**Problem**
Transcribe all data verbatim. Skip the pictures.

**Information provided**
##########

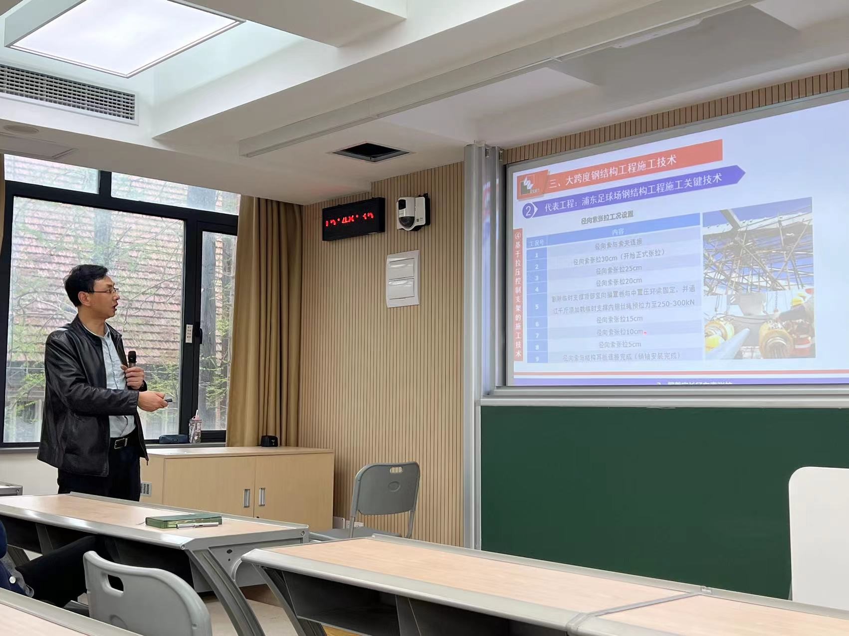 为提升新工科背景下土木工程系学生的就业优势,增强学生在人工智能快速发展时代对土木工程智能化技术的了解,4月4日土木工程系教工党支部依托“校企产教融合、协同育人”的学生培养新模式,邀请上海市机械施工集团有限公司副总裁、总工程师、教授级高级工程师贾宝荣来校为土木工程专业师生作了“大型复杂钢结构工程建造与智能化(含上海中心)”的学术报告。环境与建筑学院副书记曹桂馥,土木工程系刘琼等多位老师与学生现场聆听了报告。会议由土木工程系副主任张菊辉主持。
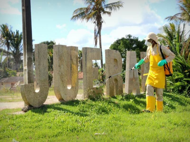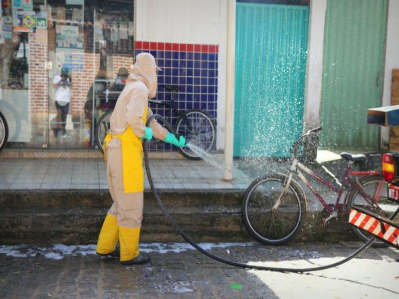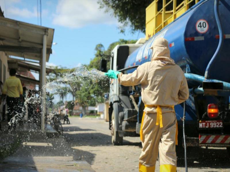 A proteção coletiva contou com a higienização de espaços públicos, utilizando carro pipa e servidores municipais (equipados de bombas costais) na aplicação de substância desinfetante, recomendada pela Anvisa, para impedir a proliferação da covid-19 em superfícies, onde o contato poderia colocar a população em riscos de contágio.
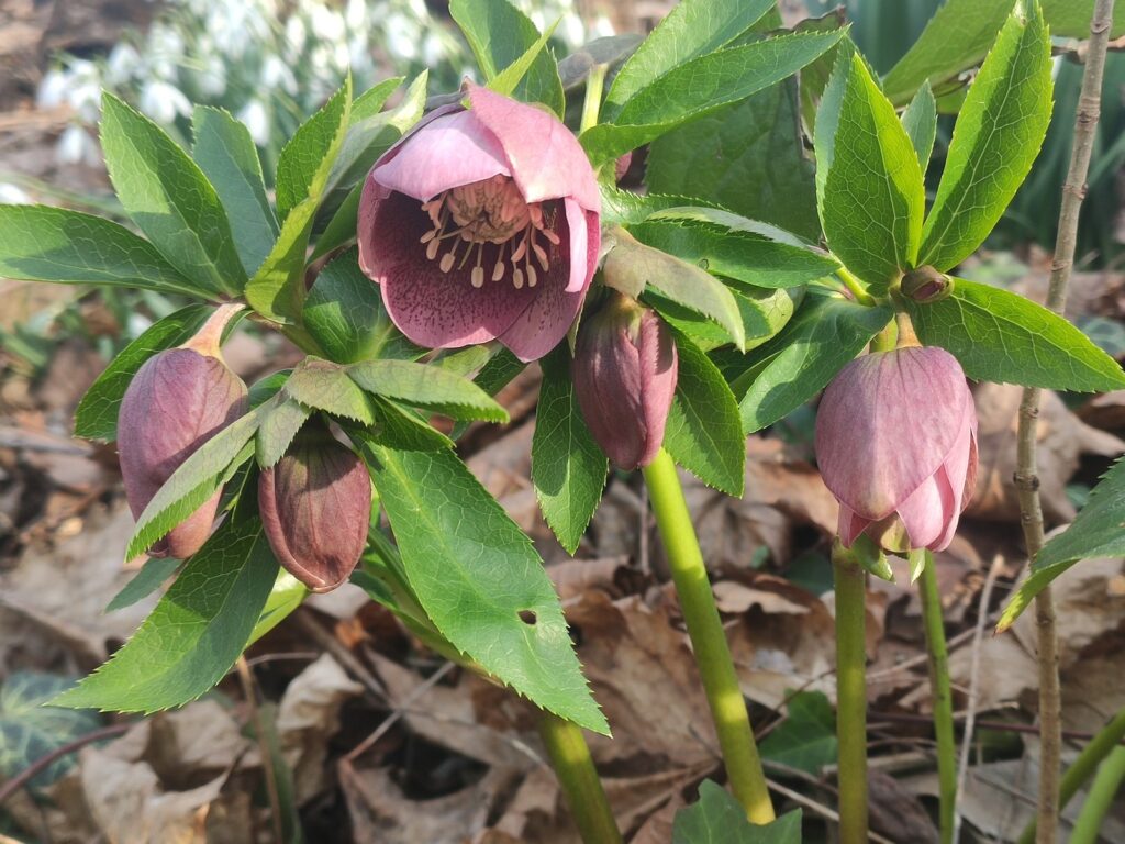 Nieswurz und Duftveilchen sind immergrüne Pflanzen. Die Schneerose blüht bereits Anfang des Jahres. Die Blüten der Lenzrose hatte ich schon das letzte Mal entdeckt. Nun haben sie sich geöffnet. Und auch das Duftveilchen reiht sich in die Frühjahrsblüher ein.

##########

**Answer section**
 为提升新工科背景下土木工程系学生的就业优势,增强学生在人工智能快速发展时代对土木工程智能化技术的了解,4月4日土木工程系教工党支部依托“校企产教融合、协同育人”的学生培养新模式,邀请上海市机械施工集团有限公司副总裁、总工程师、教授级高级工程师贾宝荣来校为土木工程专业师生作了“大型复杂钢结构工程建造与智能化(含上海中心)”的学术报告。环境与建筑学院副书记曹桂馥,土木工程系刘琼等多位老师与学生现场聆听了报告。会议由土木工程系副主任张菊辉主持。
 A proteção coletiva contou com a higienização de espaços públicos, utilizando carro pipa e servidores municipais (equipados de bombas costais) na aplicação de substância desinfetante, recomendada pela Anvisa, para impedir a proliferação da covid-19 em superfícies, onde o contato poderia colocar a população em riscos de contágio.
 Nieswurz und Duftveilchen sind immergrüne Pflanzen. Die Schneerose blüht bereits Anfang des Jahres. Die Blüten der Lenzrose hatte ich schon das letzte Mal entdeckt. Nun haben sie sich geöffnet. Und auch das Duftveilchen reiht sich in die Frühjahrsblüher ein.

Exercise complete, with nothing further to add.